Exercise goal: All that is wanted is the exact lines from the first line of the data below through the line with "In my experience", both ends included, with pictures omitted.

Given records:
Segment Open
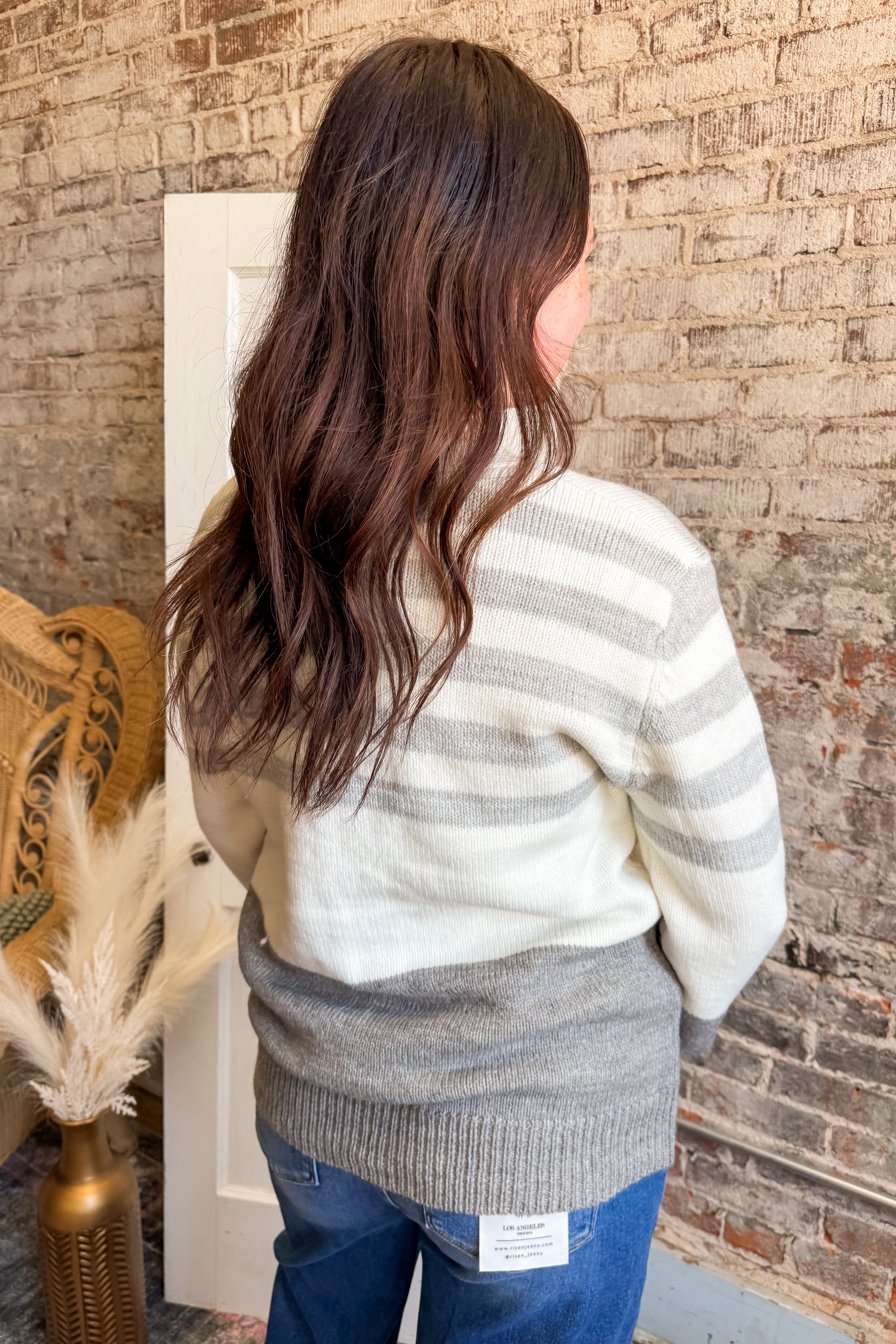 This is the perfect cardigan for every day wear! The cool, neutral grey tones are an easy compliment to any outfit.
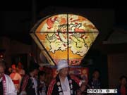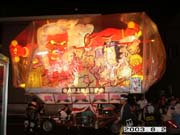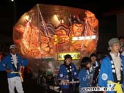 | 「先立・さきだち」と呼ばれる先導隊が踊り子の音楽を鳴らし、続いて婦人部の踊りの連で盛り上げ、いよいよ本体の登場。 その後ろには太鼓やお囃子が続きます。太鼓やお囃子は小、中学生が担当のようです。家の前を練り歩いているところのスナップをご紹介しています。 (12台全部とれなくてごめんなさい。) |
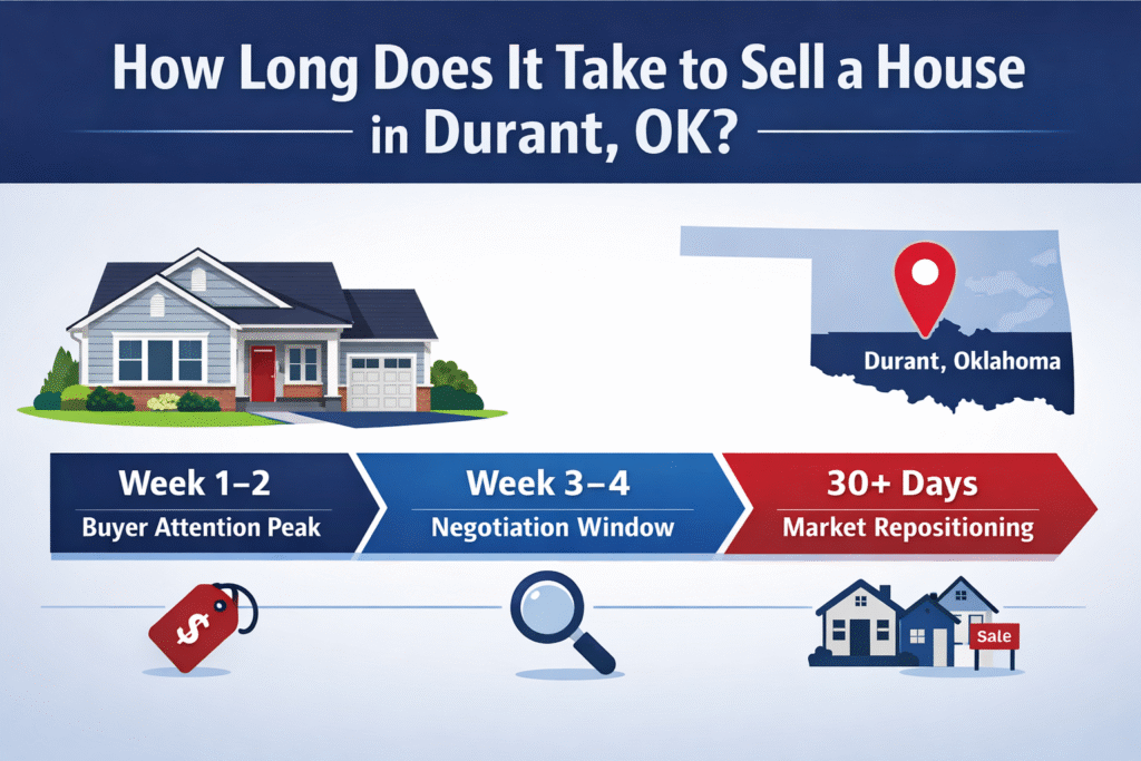 In my experience working in Durant and across the Lake Texoma corridor, the first two to three weeks after a home launches are the most important part of the timeline. That early window is when the most motivated buyers are actively watching new listings. If strong activity appears early, negotiations usually follow. If that window passes quietly, the selling process often becomes slower and more strategic.
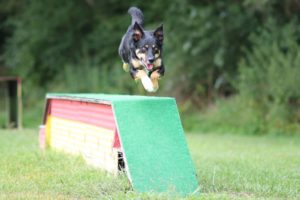 Beim Turnierhundesport absolvieren die Teams eine 75 Meter lange Sprintstrecke, auf der der Hund acht Hindernisse zu absolvieren hat. Sammy (im Bild) und Kim wurden letztes Jahr Kreismeister im THS.
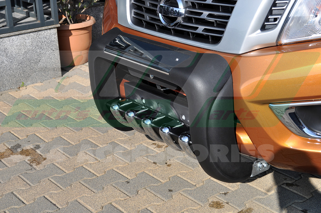 Bullbar protectie bara fata din poliuretan pentru Nissan Navara fabricat din insertie de plastic dur aplicata pe un corp metalic. Nu este un produs universal. Acest bull-bar este fabricat dupa liniile masinii Nissan Navara. Personalizat. Kit de montaj inclus. Bara vine ambalata in folie de protectie pentru o livrare in conditii de siguranta.
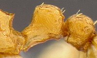 | Antennal club. The terminal segments of the funiculus that appear enlarged relative to the other segments. The antennal clubs referred to in PIAkey are restricted to the Myrmicinae, and are composed of either two or three segments.
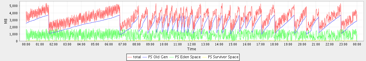 avg(total) = 3310.34 avg(PS Old Gen) = 2397.06 avg(PS Eden Space) = 875.13 avg(PS Survivor Space) = 38.15
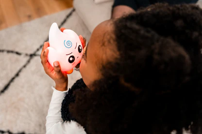 Lorsque l’enfant se sent en colère, il peut allumer Calmy, sa flamme devient alors rouge, reflétant l’intensité de la colère. L’enfant est alors invité à souffler doucement dessus… et à mesure que le souffle se calme, la couleur s’éclaircit le guidant visuellement vers l’apaisement. C’est un outil pédagogique et sensoriel conçu pour accompagner les enfants dans l’apprentissage de la gestion émotionnelle.
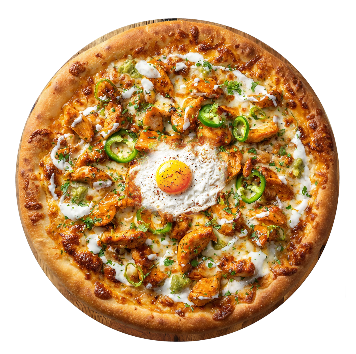Sauce tomate, crème fraîche, mozzarella, viande hachée épicée, pommes de terre, poulet, poivrons, oeuf.
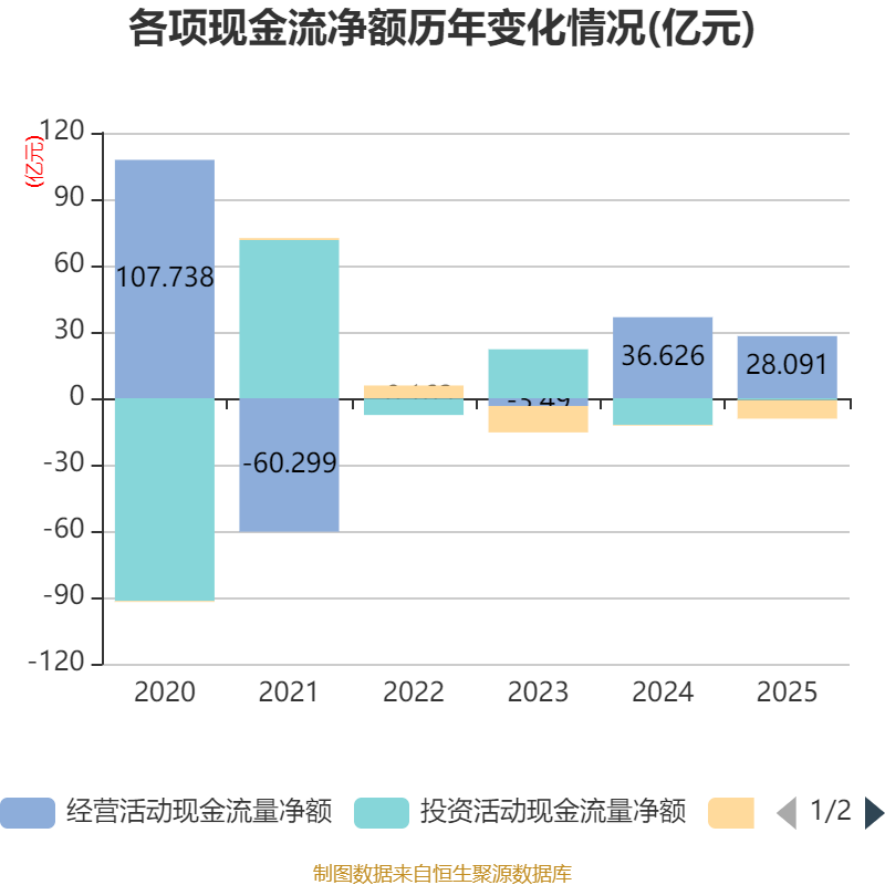 截至2025年,公司经营活动现金流净额为28.09亿元,同比下降23.3%;筹资活动现金流净额-8.37亿元,同比减少8.02亿元;投资活动现金流净额-8465.95万元,上年同期为-12.05亿元。
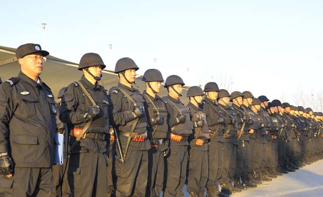 2月19日(大年初一)早晨7時(shí)30分,淮安市副市長、市公安局局長宮文飛和市局黨委副書記、副局長初曉、副局長唐衛(wèi)東、指揮中心主任鮑鶴兵等領(lǐng)導(dǎo)來到總公司,在公司總經(jīng)理婁伯翱、副總經(jīng)理王克、徐文剛陪同下,親切慰問了整裝待發(fā)的武裝押運(yùn)隊(duì)員和公司副中隊(duì)長以上管理人員。
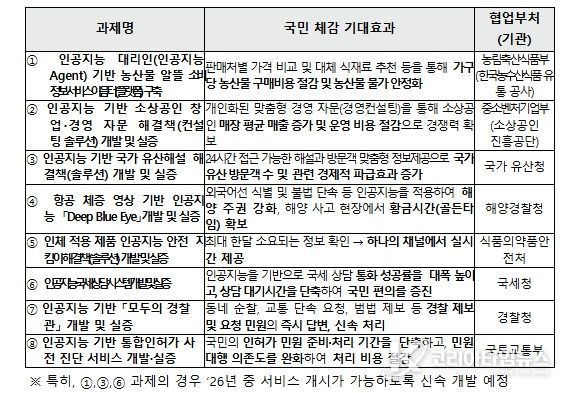 코리아타임뉴스 오영주 기자 | 과학기술정보통신부는 '인공지능 민생 10대 과제(프로젝트)'를 본격 추진하기 위해, 과제(프로젝트) 중 8개 과제의 사업자 선정을 위한 공모를 2월 11일부터 개시한다고 밝혔다.
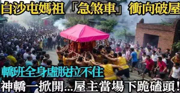 白沙屯媽祖「急剎車」不肯進廟!沖向路邊「無人破屋」狂撞門?轎班全身虛脫拉不住!神轎一掀開...屋主當場下跪磕頭!
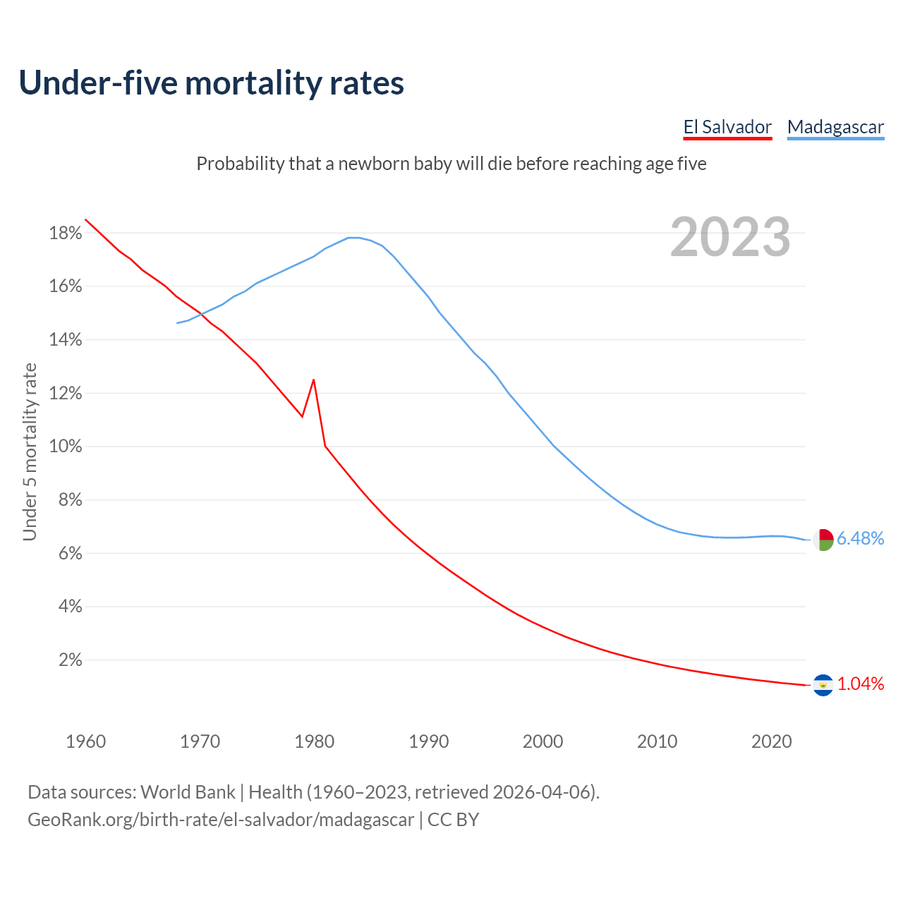 The chance that a newborn baby will die before reaching age five is 1.04% in El Salvador and 6.48% in Madagascar. Above is a chart with historical data on under-five mortality rates.
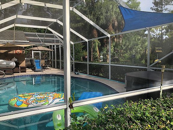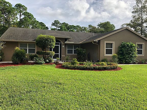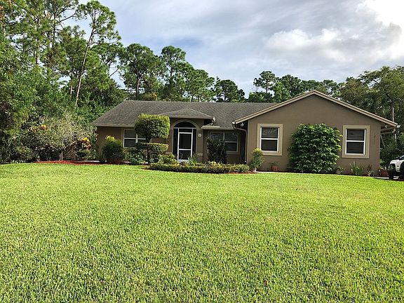 Immaculate CBS home in Jupiter Farms! Home features 5bd 2ba 2 car garage on over an acre w/pool. This split bedroom flr plan offers sep. dining room, large great room w/fireplace open to kit w/breakfast bar, large utility room and all bedroom w/exception of bd 5 have walk in closets. Enjoy outside screened pool w/jacuzzi tub & outside hot/cold shower. This home is very well maint. w/new roof & gutter 4/21, well pump 2020, septic last pumped 2020, new pool pump 2020, A/C 2010 service every 6 mths. See list attached to MLS
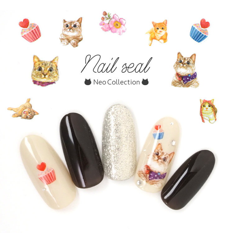 ネイルシール 猫 カップケーキ 【R029】 リボン キャット アニマル 可愛い
Segment Closed
Answer to the exercise:
 This is the perfect cardigan for every day wear! The cool, neutral grey tones are an easy compliment to any outfit.
 | 「先立・さきだち」と呼ばれる先導隊が踊り子の音楽を鳴らし、続いて婦人部の踊りの連で盛り上げ、いよいよ本体の登場。 その後ろには太鼓やお囃子が続きます。太鼓やお囃子は小、中学生が担当のようです。家の前を練り歩いているところのスナップをご紹介しています。 (12台全部とれなくてごめんなさい。) |
 In my experience working in Durant and across the Lake Texoma corridor, the first two to three weeks after a home launches are the most important part of the timeline. That early window is when the most motivated buyers are actively watching new listings. If strong activity appears early, negotiations usually follow. If that window passes quietly, the selling process often becomes slower and more strategic.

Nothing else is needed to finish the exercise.